- Opening Delimiter -
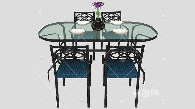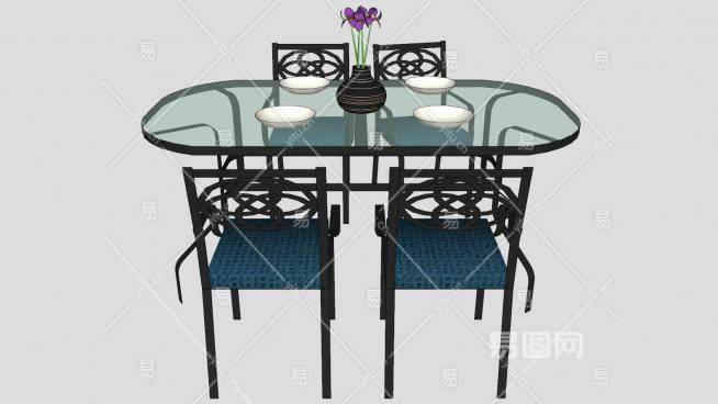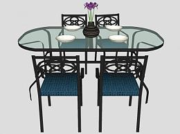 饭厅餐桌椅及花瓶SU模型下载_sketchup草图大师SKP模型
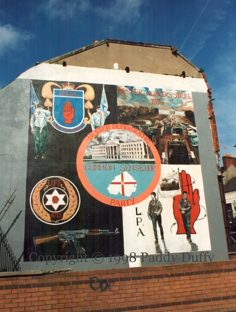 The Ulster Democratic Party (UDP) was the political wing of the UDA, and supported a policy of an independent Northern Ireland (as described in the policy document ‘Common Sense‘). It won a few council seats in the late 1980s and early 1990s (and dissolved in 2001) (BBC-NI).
- Closing Delimiter -
- Opening Delimiter -
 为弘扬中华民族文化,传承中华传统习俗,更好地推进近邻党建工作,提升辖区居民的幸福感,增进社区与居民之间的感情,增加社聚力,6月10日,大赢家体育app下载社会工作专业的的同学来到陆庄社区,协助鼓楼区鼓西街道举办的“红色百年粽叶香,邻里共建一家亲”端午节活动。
- Closing Delimiter -
Try it: Start at the line above containing "饭厅餐桌椅及花瓶SU模型下载_sketchup草图大师SKP模型" and stop at the line containing "The Ulster Democratic": print those lines and everything between them exactly, but not the pictures.

Output for this task:
 饭厅餐桌椅及花瓶SU模型下载_sketchup草图大师SKP模型
 The Ulster Democratic Party (UDP) was the political wing of the UDA, and supported a policy of an independent Northern Ireland (as described in the policy document ‘Common Sense‘). It won a few council seats in the late 1980s and early 1990s (and dissolved in 2001) (BBC-NI).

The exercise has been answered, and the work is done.